The computational model for the calculation of the BSI index proposed in this paper evaluates the safety conditions in beach zones, considering three principal risks for the tourist as factors, and five climatological and physical variables for the definition and calculation of each risk. The results of its implementation in four sites in Baja California Sur, México, are presented and discussed, successfully detecting the differences between the particular safety conditions of each of the sampling sites. Furthermore, continuous monitoring enables the model to reveal variations in the safety conditions during the sampling period. The proposal given in this work has been developed to provide information about excellent or bad conditions for tourist activities on beaches, taking into consideration the oceanographic and meteorological conditions at the site.
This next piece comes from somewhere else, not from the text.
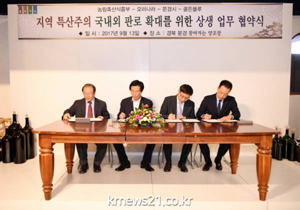 골든블루는 13일 경북 문경 오미나라에서 문경시(시장 고윤환)-농림축산식품부(장관 김영록)-오미나라(대표 이종기)와 '지역특산주 국내외 판로 확대를 위한 상생업무 협약'을 체결했다.

The principal limitations of the case study detailed in this work are the variety in safety conditions, limited by the characteristics of the sampling sites and sampling period. Although the model generated in this research was applied to assess the safety of Mexican tourist beaches, it can be used in any tourist coastal zone in the world, simply by replacing input data with those of the locations of interest. This will allow for the testing of the model in a wider variety of conditions. For future work, more parameters have been proposed to be studied and analyzed, such as harmful wildlife, or ocean aspects; however, to consider more parameters in the FAHP methodology, the whole analysis must to be performed from the start. On the other hand, the integration of other techniques and computational models for better analysis is also proposed, such as the geospatial analysis, which could help improve the accuracy and granularity of the results, geographically differentiating the results in a beach zone. This model could be implemented to display to beach visitors the resultant evaluation in the form of a color-coded score, helping visitors to have a better understanding of the safety conditions in the location, and as a consequence, to avoid dangerous moments and areas, preventing accidents and providing a safe visit to tourist beaches. Safety and risk management has proven to be an efficient strategy of local administrations to improve the tourism offerings of their destinations, and consequently, to increase their regional economies.